Russian bombing destroyed the central railway station of Kostiantynivka, Donetsk Oblast, and damaged several dozen other buildings. One person was killed in a Russian drone strike in Nikopol. Two others were killed by Russian shelling in Tiahynka, Kherson Oblast.

===26 February===
The Ukrainian military announced that it had withdrawn from the village of Lastochkyne, west of Avdiivka. Russia later said it had taken the village and claimed to have pushed back Ukrainian forces by 10 kilometers. Ukraine appeared to have recorded its first loss of an M1A1 Abrams tank in battle. as well as its first loss of a NASAMS system to Russian forces in Zaporizhzhia.

Zelenskyy signed a law revising the conditions for the demobilization of conscripts.

In Russia, the Governor of Belgorod Oblast claimed a Ukrainian drone strike killed three people and wounded another three in the village of Pochaevo.

Denmark dropped its investigation into the 2022 Nordstream pipeline sabotage, citing insufficient grounds to support a criminal case.
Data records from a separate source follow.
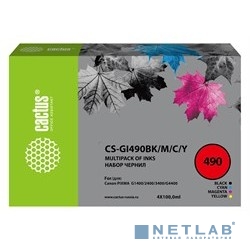 Чернила Cactus CS-GI490BK/M/C/Y голубой/пурпурный/желтый/черный набор 4x100 мл для Canon Pixma G1400/G2400/G3400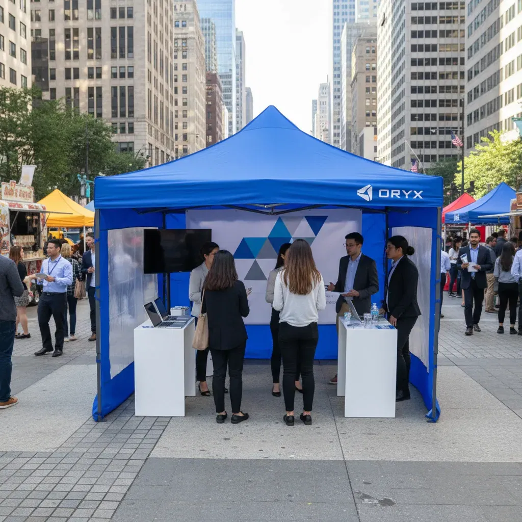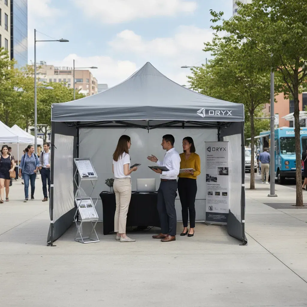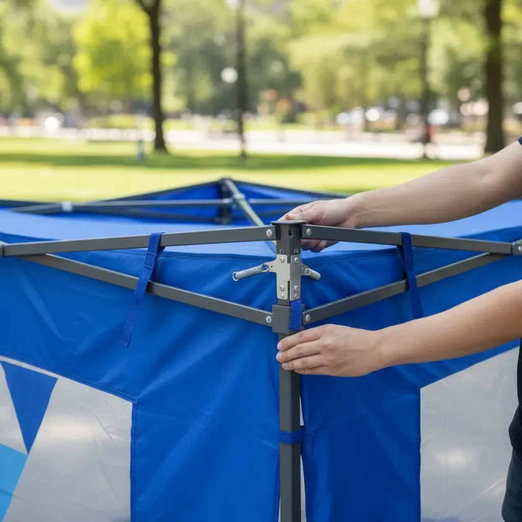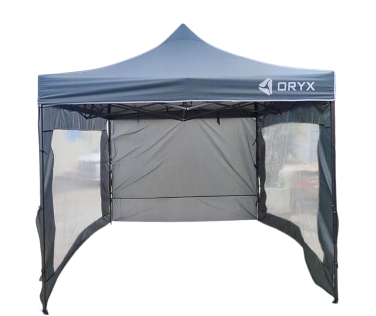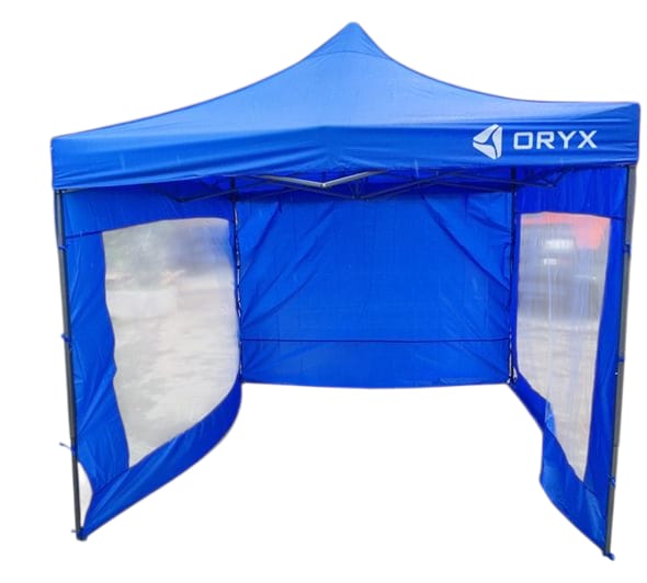 Gazebo plegable impermeable con estructura reforzada y paredes laterales con ventanas transparentes, ideal para brindar cobertura y resguardo en exteriores.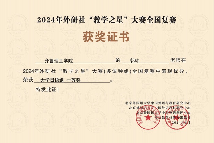 更新时间:2024-07-04 14:02 近日,2024年外研社“教学之星”大赛获奖名单揭晓,文学院5位参赛教师再获佳绩,日语语言文学教研室郭玮获多语种·大学日语组全国复赛一等奖;翻译教研室李勇、秦国华、乔雪、闫雯雯教学团队获本科英语组全国复赛二等奖。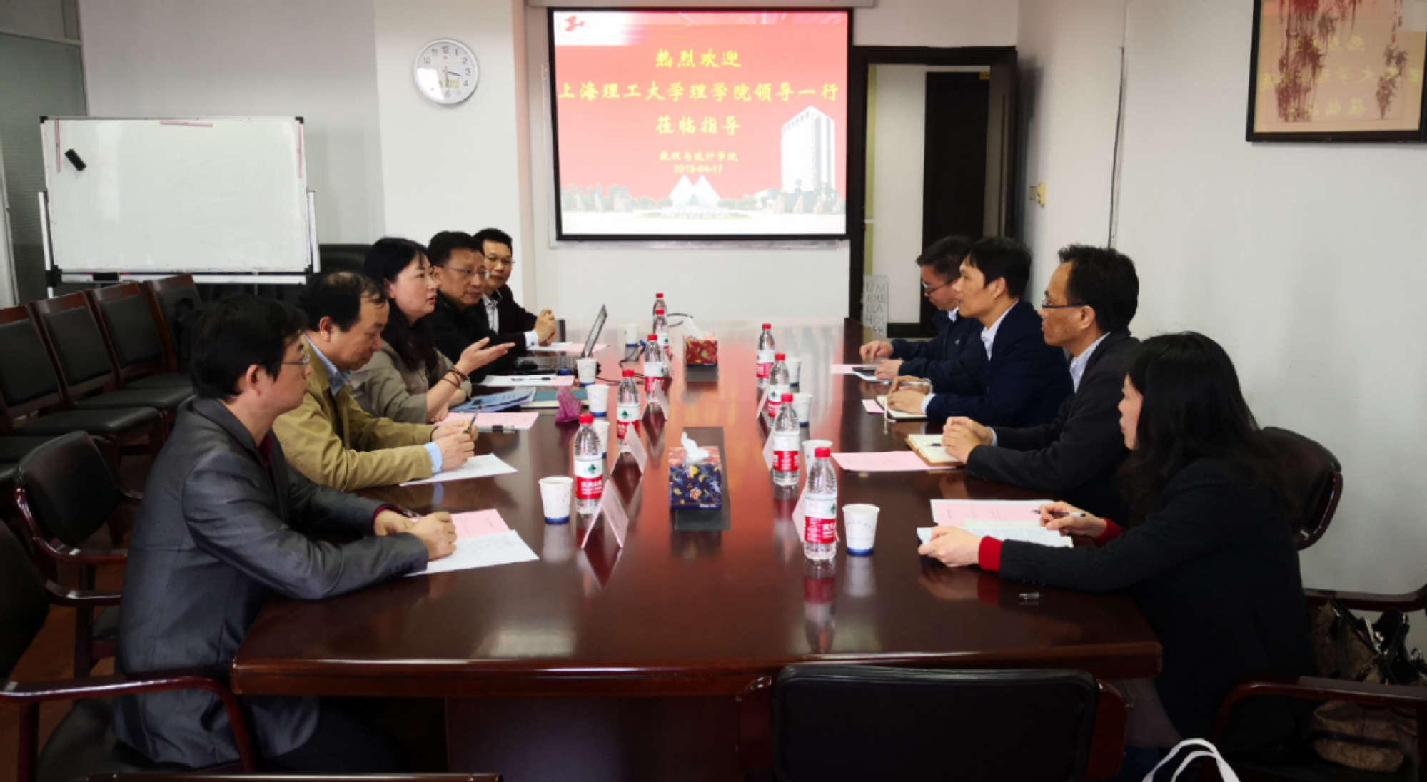 4月17日下午,上海理工大学理学院院长魏国亮,副院长卜胜利、章国庆,办公室主任王丹琼等4人来我校数理与统计学院开展调研交流,校党委书记李江热情接待了魏国亮院长一行人并进行了亲切交谈。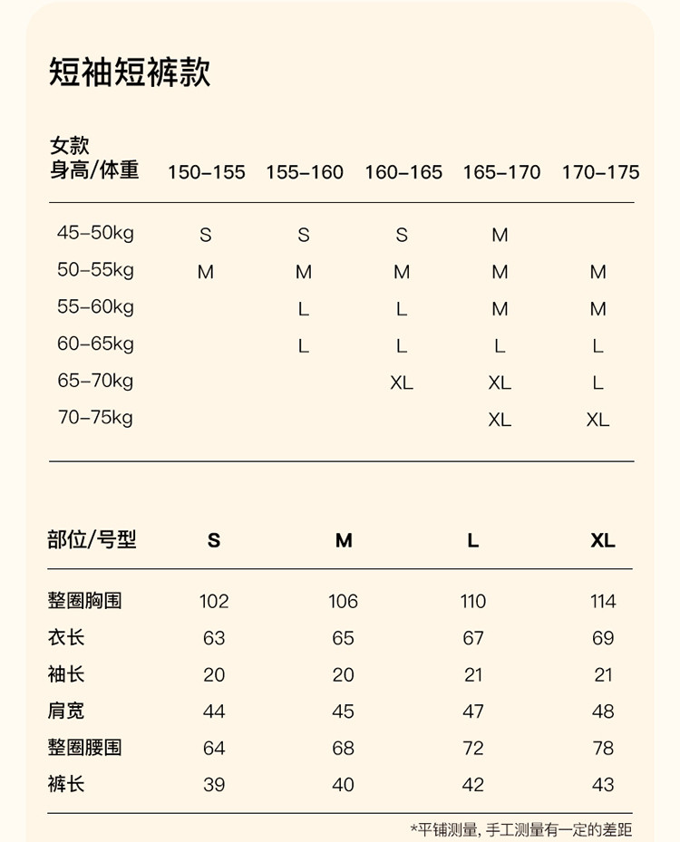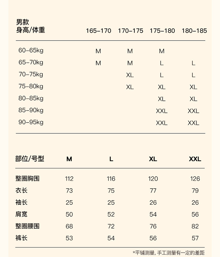| 尺码 | 衣长(cm) | 肩宽(cm) | 腰围(cm) | 裤长(cm) | 袖长(cm) | 胸围(cm) | 号型 |

Slovak Prime Minister Robert Fico claimed that several NATO and EU members were considering to deploy soldiers to Ukraine. which was denied by NATO secretary general Jens Stoltenberg. French President Emmanuel Macron gave his support for EU funds to be used to buy ammunition for Ukraine outside the bloc, particularly the Czech proposal to buy artillery ammunition from southern Africa and South Korea. Germany announced a new military aid package to Ukraine that included 14,000 155mm shells and four WISENT 1 mine-clearing vehicles.

===27 February===
Ukrainian forces withdrew from the villages of Stepove and Sieverne near Avdiivka. Ukrainian commander Oleksandr Tarnavskyi said that defence lines in the area had "stabilised" along the Tonenke-Orlivka-Berdychi axis.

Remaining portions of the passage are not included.